More on New York Weill Cornell Researchers Find Genetic Basis to Cognitive Problems Suffered by Professional Football Players

New York Weill Cornell Researchers Find Genetic Basis to Cognitive Problems Suffered by Professional Football Players

NEW YORK (Oct 20, 2000)

Researchers at New York Weill Cornell Medical Center have linked a gene associated with Alzheimer's disease to the neurological impairment suffered by active professional football players, who, like boxers, often experience head trauma during the course of play. The study, published in the current issue of Neurosurgery, provides new evidence that a genetic factor associated with late-life dementia may play a role in the response to brain injury in much younger individuals.

Previous studies at New York Weill Cornell found that professional boxers who carried this gene were more likely to suffer cognitive problems as a result of repeated blows to the head in the ring.

Dr. Norman Relkin, Dr. Barry Jordan, and the research team examined 53 active professional football players ranging in age from 23 to 36 years. They all underwent evaluation of their memory and other thinking abilities, as well as genetic testing.

Older players in the group who possessed the APOE-e4 gene scored significantly lower on neuropsychological tests than comparably aged players without the gene, and also lower than younger players of any genetic makeup.

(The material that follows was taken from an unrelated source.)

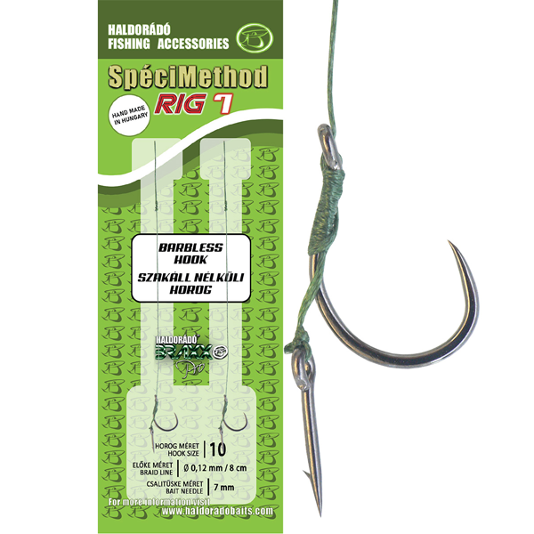 A Haldorádó SpéciMethod Rig nem más, mint egy minőségi alapanyagok felhasználásával készült, profi csalitüskés horogelőke. 8 cm hosszú, 0,12 mm átmérőjű fonott zsinórra kötött, 12-es szakáll nélküli horoggal és 7 mm-es csalitüskével ellátott előke, amely szorgos magyar kezek munkáját dicséri. Pont olyan, amelyet mi is használunk, amelyet jó szívvel ajánlunk!

"Few past studies have examined the cognitive abilities of active professional football players," said Dr. Relkin, Associate Professor of Clinical Neurology and Neuroscience and Director of the Memory Disorders Program at New York Weill Cornell Medical Center. "It was surprising to learn that active players as young as their 30s who possessed a specific genetic factor had measurable differences in their thinking abilities."

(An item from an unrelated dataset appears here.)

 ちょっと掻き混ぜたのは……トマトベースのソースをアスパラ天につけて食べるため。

He said, "We would like to see these observations extended to a larger number of players and to other sports. If the results hold true, we may be approaching a time when genetic tests can contribute meaningfully to the care of athletes involved in contact sports, and to the care of others who suffer head trauma."

As for Alzheimer's and other late-life disorders, Dr. Relkin said the study tends to support the view that they may be caused by some combination of genetics and environment, and so the study may represent a step toward the understanding of those diseases as well.